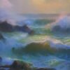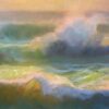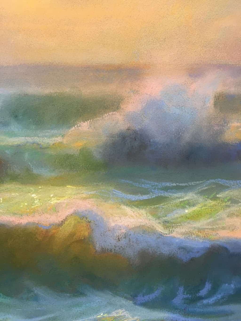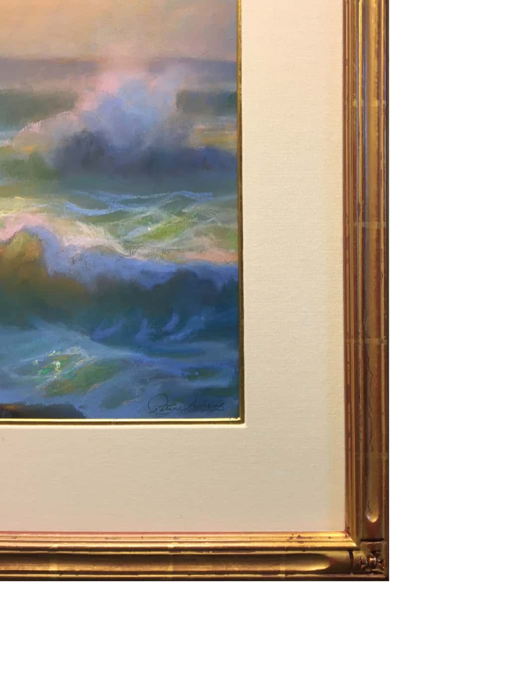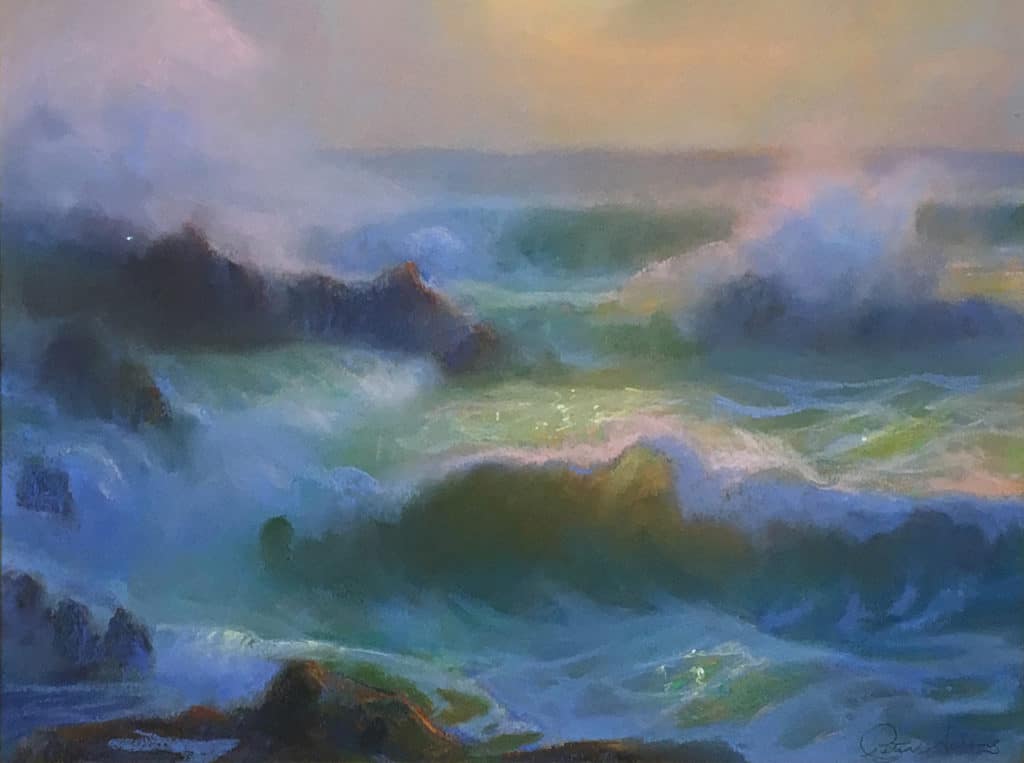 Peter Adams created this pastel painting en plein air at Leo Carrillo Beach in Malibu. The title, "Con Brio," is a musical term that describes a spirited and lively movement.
...
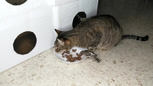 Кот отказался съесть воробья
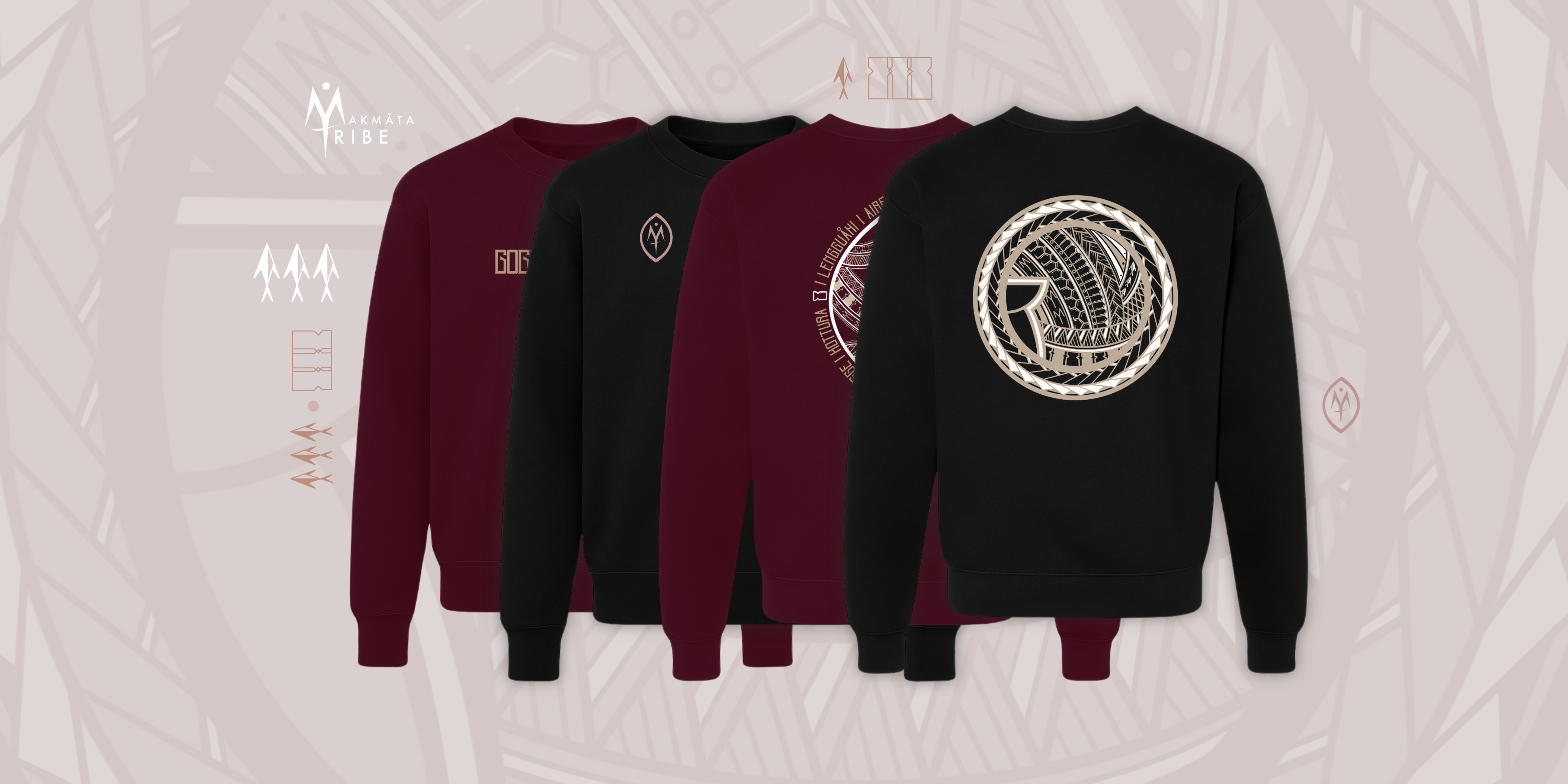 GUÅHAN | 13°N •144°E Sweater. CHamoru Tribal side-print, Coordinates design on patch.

## Exercise description
Pictures are to be left out. Write out only the lines above starting at the one with "Кот отказался съесть воробья" and ending at the one with "GUÅHAN | 13°N", both lines included, exactly.

## Solution for this task
 Кот отказался съесть воробья
 GUÅHAN | 13°N •144°E Sweater. CHamoru Tribal side-print, Coordinates design on patch.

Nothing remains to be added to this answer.